Einen weiteren Gedanken möchte ich noch zur Technik ausführen: Siri zeigt, dass die Spracheingabe und Verarbeitung bereits recht weit fortgeschritten ist. Auch Android ist mit seiner Sprachsteuerung nicht weit davon entfernt – und die Möglichkeit, Technik durch Sprachsteuerung zu nutzen, wird rapide zunehmen in den nächsten Jahren. Es gibt kaum Gründe, Einkaufszettel umständlich von Hand auf totem Baum zu schreiben, wenn ich diesen auch am PC diktieren kann und sofort mit dem Smartphone  synchronisiert wird und ich in dem Moment, in dem ich den Supermarkt betrete, die Erinnerung an die Einkaufsliste erhalte. Teile kann bereits der Kühlschrank vordiktieren, der ebenso selbstverständlich wie andere Verbraucher im Haushalt komplett vernetzt sein wird.

Wenn doch mal eine Tastatur benötigt wird, beispielsweise für vertraulichere Eingaben, wird diese für unterwegs nicht mehr aus festen Material bestehen.

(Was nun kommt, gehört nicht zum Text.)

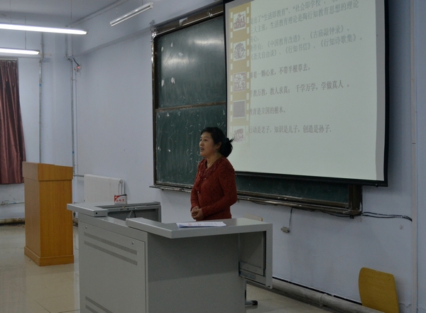 讲座由教育系党总支书记张学英主讲,她从陶行知青年的求学之路、教育的6个阶段以及各界学者对陶行知的研究三个角度深刻阐述了陶行知先生的教育思想。

Stattdessen wird diese eingeblendet und ist auf jedem Untergrund zu sehen. Oder ist vielleicht aus einem flexiblen, platzsparenden Stoff, wie eine Folie oder ähnliches.

Arbeitsplätze der Zukunft

Ein weiterer Gedanke zur Mobilität betrifft den Arbeitsplatz. Schon heute nehmen feste Arbeitsplätze innerhalb von Unternehmen ab zugunsten von Arbeitsbereichen in großen und kleinen Einheiten, an die die Mitarbeiter Ihre mobile Box, in der Ihre „Arbeitsmaterialien“ sind, mitnehmen. Je nach Aufgabe und Tagesform wird das Einzelbüro oder das Großraumbüro gewählt, mal die Couch, mal der Platz auf der Dachterasse oder in der Natur. Auch wird die eher kurz- und mittelfristige Zusammenarbeit in befristeten Projekten gegenüber einem festen Arbeitsverhältnis weiter zunehmen. Auch hier helfen kollaborative Tools zur gemeinsamen Zusammenarbeit. Hier hat nach meiner Einschätzung Google bereits einen deutlichen Vorsprung. Nicht aufgrund des jeweils einzelnen Produkts, aber aufgrund der Summe der Produkte, die in diesem Bereich bereits vorhanden sind, ob das nun der gemeinsam nutzbare Kalender ist, das gemeinsame Arbeiten via Google Text und Tabellen oder Cloudconnect.

Daten werden nur noch selten per E-Mail versendet werden, sondern über Clouddienste, die es bereits zuhauf gibt, ausgetauscht. Dienste wie Dropbox (Achtung, mit Referral für mich; gibt euch und mir bei Anmeldung über den Link zusätzlichen Speicherplatz) werden selbstverständlich werden und die Festplatten der PCs, Notebooks oder auch Tablets nicht mehr weiter so in der Kapazität steigen. Aber auch hier heisst es für jeden achtsam zu sein, und mehr Augenmerk auf Verschlüsselung zu legen – und auf doppelte und dreifache Sicherung bei verschiedenen Anbietern.

 

Im Scherz antworte ich heute schon häufiger, wenn ich gebeten werden, jemanden anzurufen, dass ich die App hierfür noch nicht gefunden habe – wichtig ist aber tatsächlich bei aller technischen Entwicklung, dass hinter der Technik Menschen stehen. Diese gilt es zu respektieren und den Kontakt nicht alleine auf den Austausch von elektronischen Daten zu reduzieren. Die Kommunikation von Angesicht zu Angesicht darf keinesfalls zum Erliegen kommen!